When the pony’s saddle is lined with spikes.
There’s nothing quite as soul-crushing as falling in love with a house, imagining where you’re going to put your vegetable garden (the one you’re never going to water, only you don’t know that yet), and picturing barbecues in the backyard and Thanksgiving with a roaring fireplace, only to have the bank reject your offer. So to bring back the fun of the initial shopping process, sites like Zillow have cropped up to allow prospective home buyers shop around and see what houses in different neighborhoods are worth. Earlier this year, Zillow filed an S-1, pricing its IPO at $12 to $14 a share. But on Friday, the company filed an amended S-1 to bump up its share price to $16 to $18.
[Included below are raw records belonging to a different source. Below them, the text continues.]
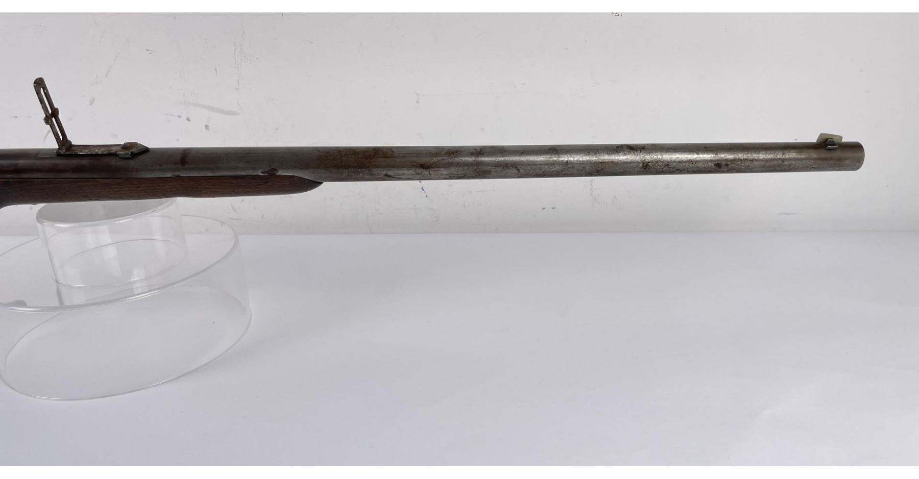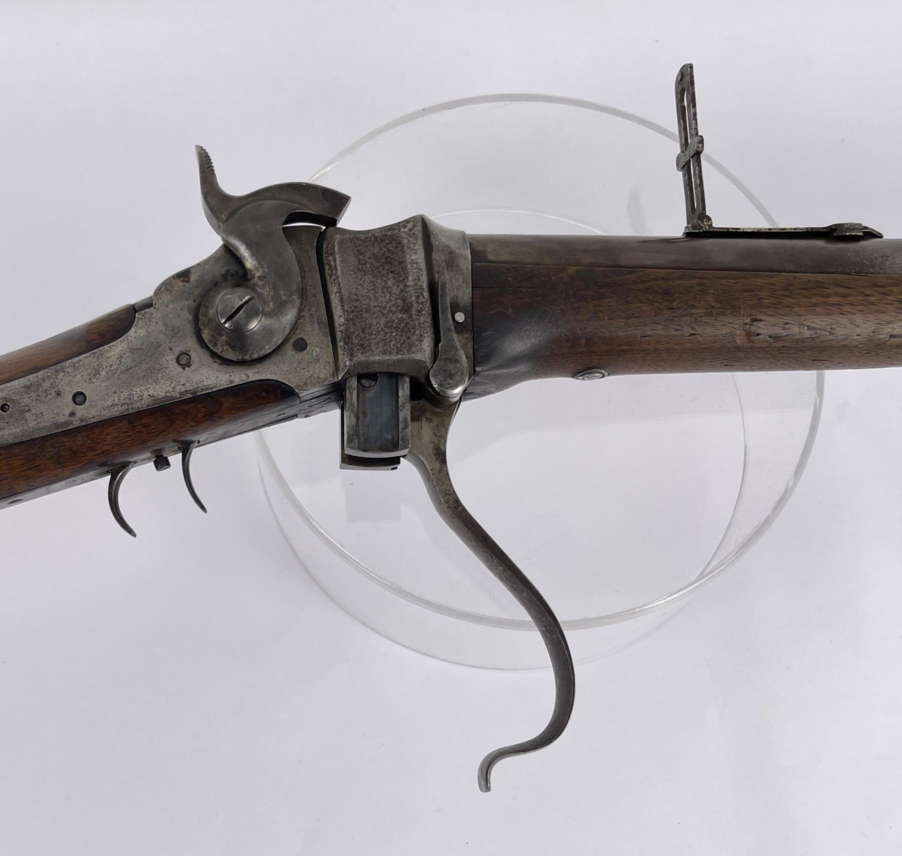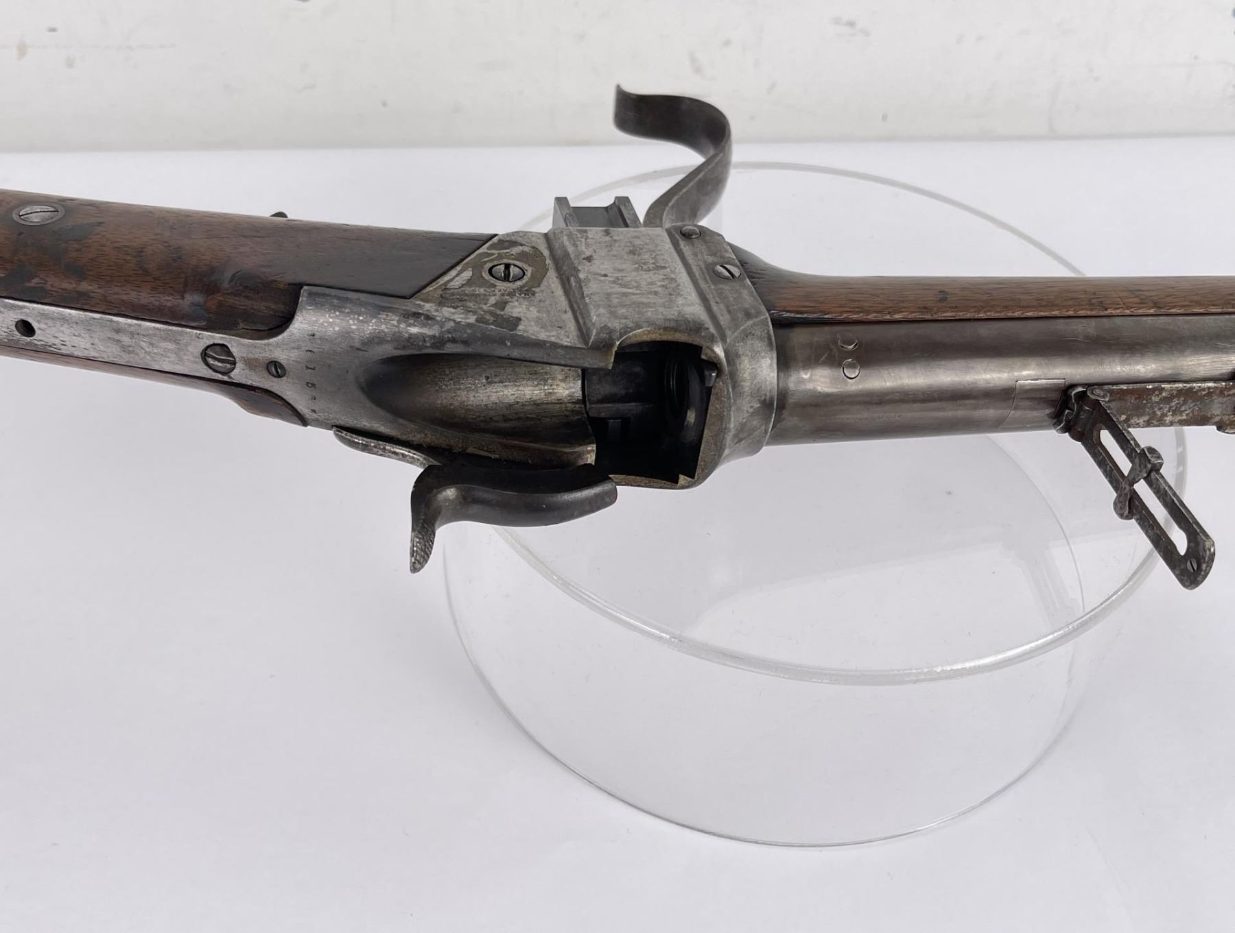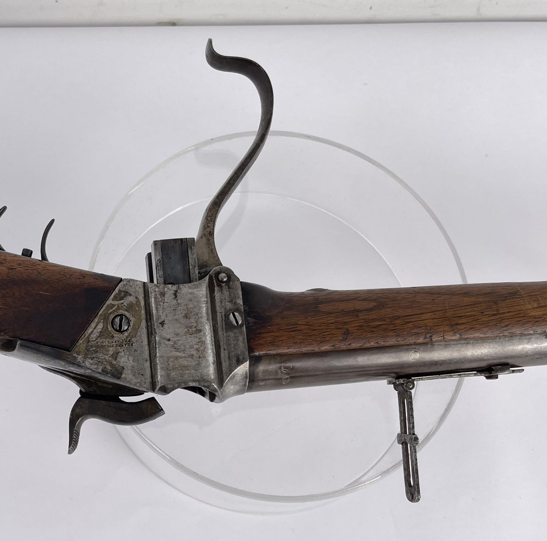 #161565 made in 1879 per Sharps Original Records (R.L. Moore, Jr.). 28" Round Barrel stamped "Old Reliable" in a clipped corner cartouche, Sharps Rifle CO. Bridgeport Conn., Business 45. Right side of barrel has a small 2’ 10 stamped on it. The left side of barrel has signs of having more than one rear sight as along with current sight there is another dovetail (now filled) cut in the barrel closer to the receiver. Also there are 3 holes (now filled) drilled into the left side of the barrel whose positions form sort of an elongated triangle. These may have been the rear mounts for a long brass scope with the front sight dovetail providing the other point of attachment. All above filled areas appear to have been professionally done. The left side of receiver is stamped "Sharps Rifle CO. Pat April 6, 1869". The right side has no markings. The upper tang of the receiver has been drilled to mount a Creedmore Type Tang Sight. Forward mount of Tang Sight covered part of the serial number 161565. Only 15 was clearly visible, the others very faint due to wear. The forward edge of the stocks comb shows wear from the tang sight being flipped back to rest on it. It has double-set triggers which are correct for this model. Matching serial numbers on the receiver and barrel (underneath forearm). The forearm shows definite pommel wear from being carried across a saddle and is located just behind the front screw of the forearm. This is also the “balance point" for this firearm. An old period chip out of the stock on corner near the receiver’s top left side (serial # area). Approximately only 1604 made of this model. The Sharps was purchased many years ago from Darrel Emmett, an old time gun dealer and collector from Glendive, Montana. This Sharps shows use as definitely having “been there" and is of the type a person wishes “could talk". Action is still working. No FFL Transfer Required.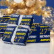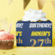 Este diseño de papel envolvente incluye un mensaje como "¡EL CUMPLEAÑOS 27 DE ANDREW!", con el "27" con un aspecto de color falso/imitación de color dorado, y con el nombre y el "CUMPLEAÑOS" en un tipo de letra divertido y audaz. El nombre se puede personalizar y el fondo es azul. El envolvimiento de papel como este podría ser usado cuando se le dan regalos de cumpleaños a alguien en celebración de sus 27 años. [~Z0000209]
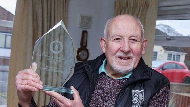 林肯郡足球协会首席执行官尼克·汉森表示敬意,称厄尼是该地区“足球的基石”。厄尼已经当了53年裁判了。在此期间,他执法了15场杯赛决赛,16场半决赛和数千场联赛。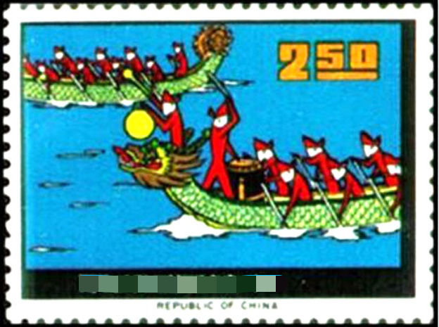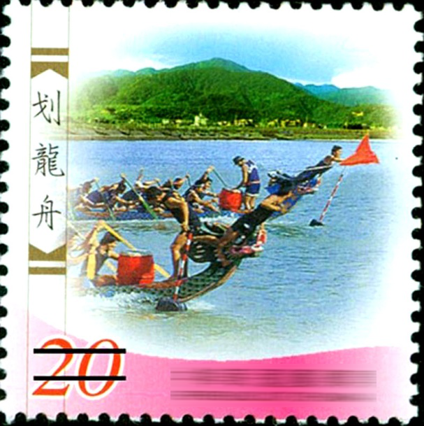 台湾邮政于2002年2月26日发行的《台湾民俗活动邮票》上辑,以"放天灯""放蜂炮""妈祖出巡""划龙舟"为主题,其中第四枚“划龙舟”与端午节有关。此枚"划龙舟"邮票介绍文为:台湾各地的龙舟赛,吸引人群围观。龙舟竞渡除了发扬文化、欢度节庆外,在强身健体、团队精神的训练亦有特殊意义。

The new share price would raise an estimated $71.6 million, up from the previously anticipated $51.8 million. This pegs the company’s valuation at $485 million. No date has been set for the IPO, but the company plans to trade on Nasdaq under the symbol “Z.”
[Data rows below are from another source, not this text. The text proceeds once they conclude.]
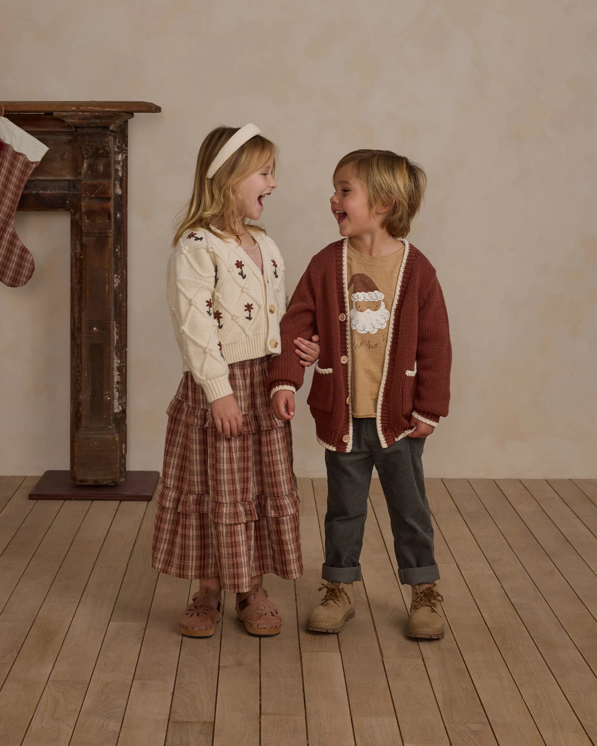 Get your little one holiday-ready with this beige-brown Santa long sleeve tee, featuring a playful "Ho Ho Ho" design. Made from soft cotton slub fabric, this boxy-fit tee offers ultimate comfort with a touch of edgy flair, thanks to its raw finished hemline. Baby sizes (0-3M through 18-24M) are thoughtfully designed with shoulder snaps for easy changing, making it as practical as it is festive. Perfect for cozy holiday vibes!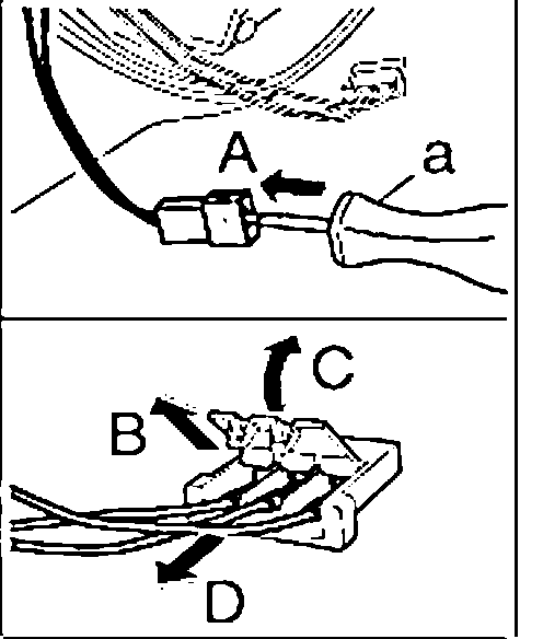 7. Press out the plug contacts, using the press-out tool "a" Press-out and unlocking tools for flat and round plug connections of every size 155 refer to 'Tools', from the connector housing "arrow A"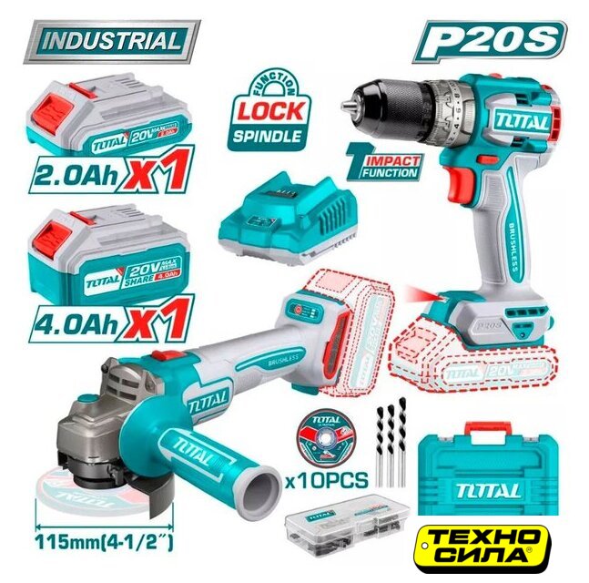 Комплектация | Дрель-шуруповерт TOTAL TIDLI206681 - 1 шт. Угловая шлифмашина TOTAL TAGLI21154 - 1 шт. Аккумулятор 2,0 А*ч - 1 шт. Аккумулятор 4,0 А*ч - 1 шт. Быстрое зарядное устройство - 1 шт. Боковая рукоятка - 1 шт. Защитный кожух - 1 шт. Фланцевый ключ - 1 шт. Отрезной диск - 10 шт. Набор набор аксессуаров 47 шт. Инструкция Кейс |

So is it worth that much? If the company’s financials are any indication, it’s doing pretty well for itself. It still isn’t profitable, but its losses have been shrinking every year. In 2010, Zillow brought in $30.5 million in revenues, while taking a loss of $6.8 million. But by comparison, in 2009, the company took home $17.5 million in revenues while suffering a loss of $12.8 million. In the three months ending in March 2011, Zillow only took a loss of some $800,000, compared to the three months ended in March 2010, when the company took a loss of $2.8 million.
And Zillow’s user base is growing. In May 2011, Zillow’s website and mobile app saw 22 million unique visitors, representing an increase of 103% over May 2010. Also in May 2011, Zillow was accessed on mobile devices over 8.8 million times, with more than 1.7 million homes viewed on mobile devices each day.